BEGIN Data listing

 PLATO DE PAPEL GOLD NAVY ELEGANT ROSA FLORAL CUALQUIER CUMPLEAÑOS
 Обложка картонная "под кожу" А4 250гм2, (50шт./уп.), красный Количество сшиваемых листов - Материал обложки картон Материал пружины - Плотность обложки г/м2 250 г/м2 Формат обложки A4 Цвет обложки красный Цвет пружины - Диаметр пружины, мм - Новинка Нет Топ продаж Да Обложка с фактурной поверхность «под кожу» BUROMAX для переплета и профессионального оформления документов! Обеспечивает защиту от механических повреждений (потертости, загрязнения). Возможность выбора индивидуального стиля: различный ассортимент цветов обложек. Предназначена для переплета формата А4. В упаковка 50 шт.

END Data listing
BEGIN Data listing

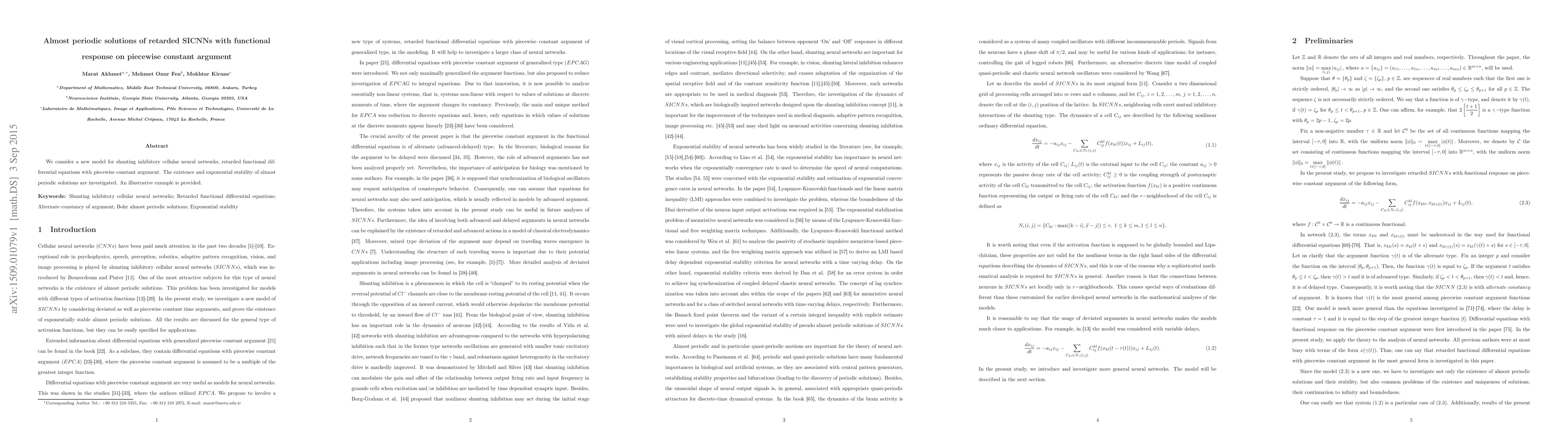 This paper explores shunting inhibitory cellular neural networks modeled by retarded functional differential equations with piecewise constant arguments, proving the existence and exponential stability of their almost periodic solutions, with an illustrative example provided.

END Data listing

→ **Your goal**:
Where the line holding "PLATO DE PAPEL" appears in the listing above, start reproducing exactly, and end with the line holding "упаковка 50 шт.".

→ **Expected answer**:
 PLATO DE PAPEL GOLD NAVY ELEGANT ROSA FLORAL CUALQUIER CUMPLEAÑOS
 Обложка картонная "под кожу" А4 250гм2, (50шт./уп.), красный Количество сшиваемых листов - Материал обложки картон Материал пружины - Плотность обложки г/м2 250 г/м2 Формат обложки A4 Цвет обложки красный Цвет пружины - Диаметр пружины, мм - Новинка Нет Топ продаж Да Обложка с фактурной поверхность «под кожу» BUROMAX для переплета и профессионального оформления документов! Обеспечивает защиту от механических повреждений (потертости, загрязнения). Возможность выбора индивидуального стиля: различный ассортимент цветов обложек. Предназначена для переплета формата А4. В упаковка 50 шт.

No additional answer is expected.